● Exercise details: Taking the entries below, transcribe only the lines starting with the one with "can travel practically." and going on through the one with "江戸時代後期の草双紙「明鴉墨", exactly as written, without the pictures.

====== Material for this task ======

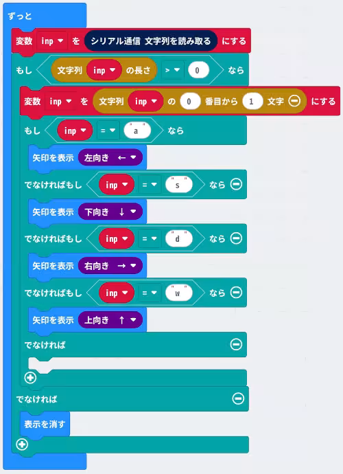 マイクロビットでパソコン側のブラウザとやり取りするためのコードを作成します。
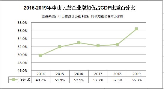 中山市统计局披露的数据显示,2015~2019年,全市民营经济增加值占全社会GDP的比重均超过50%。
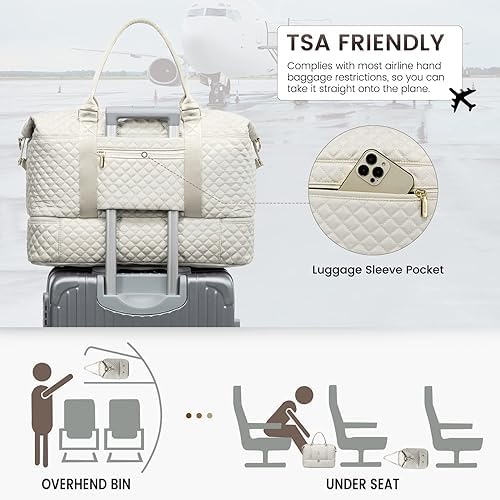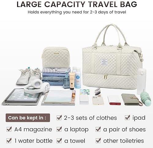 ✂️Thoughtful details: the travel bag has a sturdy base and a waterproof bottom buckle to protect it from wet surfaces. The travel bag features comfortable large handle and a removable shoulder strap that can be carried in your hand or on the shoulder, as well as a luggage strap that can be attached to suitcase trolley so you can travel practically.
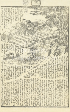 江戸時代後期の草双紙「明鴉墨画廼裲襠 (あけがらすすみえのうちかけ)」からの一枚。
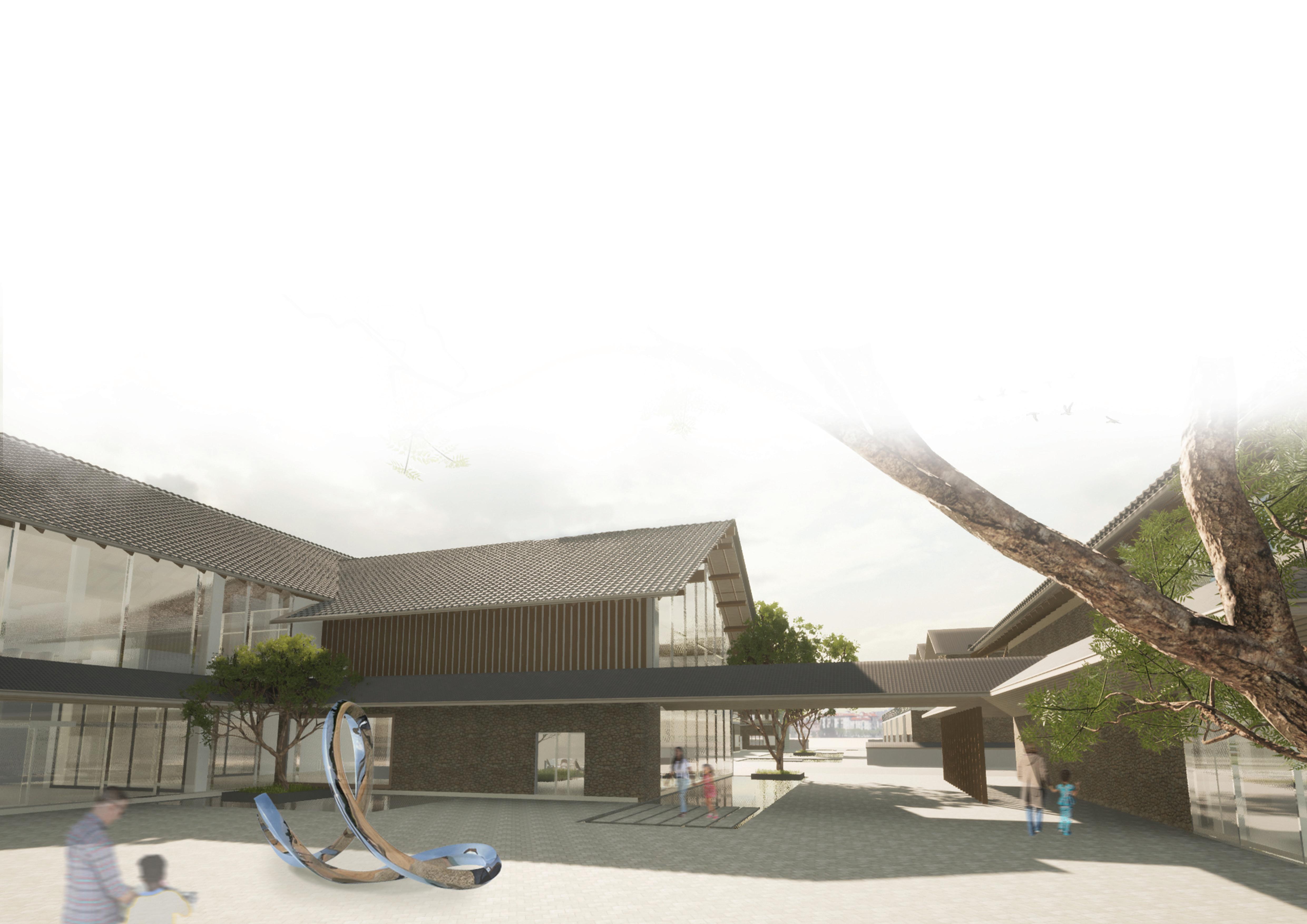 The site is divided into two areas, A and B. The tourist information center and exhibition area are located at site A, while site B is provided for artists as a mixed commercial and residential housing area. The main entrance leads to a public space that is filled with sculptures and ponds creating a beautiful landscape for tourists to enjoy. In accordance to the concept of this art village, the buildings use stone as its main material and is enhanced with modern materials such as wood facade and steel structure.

======

● Result for this task:
 ✂️Thoughtful details: the travel bag has a sturdy base and a waterproof bottom buckle to protect it from wet surfaces. The travel bag features comfortable large handle and a removable shoulder strap that can be carried in your hand or on the shoulder, as well as a luggage strap that can be attached to suitcase trolley so you can travel practically.
 江戸時代後期の草双紙「明鴉墨画廼裲襠 (あけがらすすみえのうちかけ)」からの一枚。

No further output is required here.